Activist investor Elliott Investment Management has acquired a significant holding of over $5 billion in Honeywell International and is urging the company to divide into two distinct entities.
In correspondence directed at Honeywell’s board, Elliott emphasized the necessity for the Charlotte, North Carolina-based company to streamline its organizational structure. They pointed to ongoing challenges such as inconsistent execution, fluctuating financial performance, and a lackluster stock price.
Elliott posits that Honeywell should separate its aerospace division from its automation business. They argue that if these segments function as independent companies, they could enjoy clearer strategies, concentrated management efforts, improved resource allocation, heightened operational efficiency, better oversight, and other advantages associated with the transition away from conglomerate structures that have benefitted various large firms, including former conglomerates like General Electric and United Technologies.

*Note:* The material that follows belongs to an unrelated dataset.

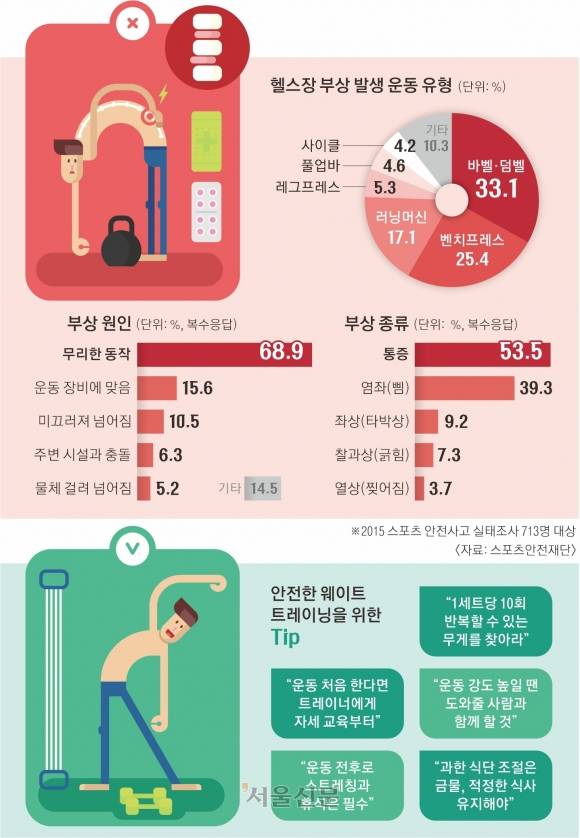3일 스포츠안전재단에 따르면 근력 강화 운동을 하다가 다친 10명 중 7명(68.9%)의 경우는 ‘무리한 동작’이 원인이었다. 바벨·덤벨(33.1%), 벤치 프레스(25.4%), 러닝머신(17.1%) 순으로 많이 다쳤다. 부상 종류는 통증(53.5%)과 염좌(39.3%), 좌상(9.2%) 순이었다.

The investor group believes that a split of the aerospace and automation divisions could lead to significant increases in share prices, potentially ranging from 51% to 75% within the next two years.
In response, Stacey Jones, Honeywell’s Chief Communicator, acknowledged the various viewpoints of shareholders, stating, “Honeywell’s board of directors and management acknowledge and appreciate the perspectives of all our shareholders. Although Elliott had not made us aware of their views prior to today, we look forward to engaging with the firm to obtain their input. Our leadership welcomes investor feedback as we continue to execute a disciplined strategy, which includes pursuing sustainable growth, optimizing the portfolio, and maintaining an accretive capital deployment program.”
Following this news, Honeywell’s shares saw a 7% increase in value before the market opened on Tuesday.